WHO flu experts' ties to Roche, GSK kept secret

Transparency is a watchword these days. Almost everyone--from drugmakers to the National Institutes of Health to teaching hospitals--is rolling out information about the financial ties among industry, physicians and academia. So why not the WHO?

That's the question the British Medical Journal and the Bureau of Investigative Journalism are asking. The impetus: A joint investigation that revealed some flu experts who helped WHO draw up plans for dealing with pandemic flu had been paid consultants to Roche and GlaxoSmithKline (NYSE: GSK). They are, of course, the two companies that happen to make the antiviral drugs Tamiflu and Relenza, which governments around the world stockpiled to prepare for an influenza stampede.

The BMJ authors want to know why those ties weren't disclosed. And they question the WHO's policy of keeping the names of its key flu committee secret. How can potential conflicts of interest even be assessed?

"The investigation reveals a system struggling to manage the inherent conflict between the pharmaceutical industry, WHO, and the global public health system, which all draw on the same pool of scientific experts," the BMJ article states. A Roche official cited the "limited number of people" who have the depth of experience with flu that everyone wants to tap; "It's not surprising that we are going to be seeking advice from the same groups of people," he said.

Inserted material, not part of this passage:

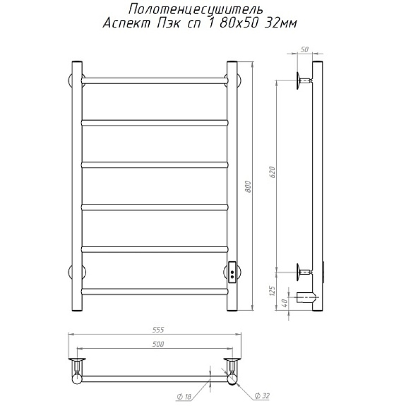 Полотенцесушитель электрический (лесенка) Тругор Аспект Пэк сп 1 80х50 см АспектПэксп1/8050 32

WHO says it's confident that it was free of "undue influence" when it drafted its pandemic guidance. And it defends its practice of keeping panel members' identities secret, saying that it's this very secrecy that helps shield them from pressure. "We have to protect the neutrality of this advice," WHO spokesman Gregory Hartl tells Bloomberg.

The BBC, on the other hand, notes that simple disclosure would go a long way. Sure, everyone has to consult with a small pool of top flu experts, the news service states. But failing to disclose those relationships is a mistake: It just provides fuel to "critics and conspiracy theorists."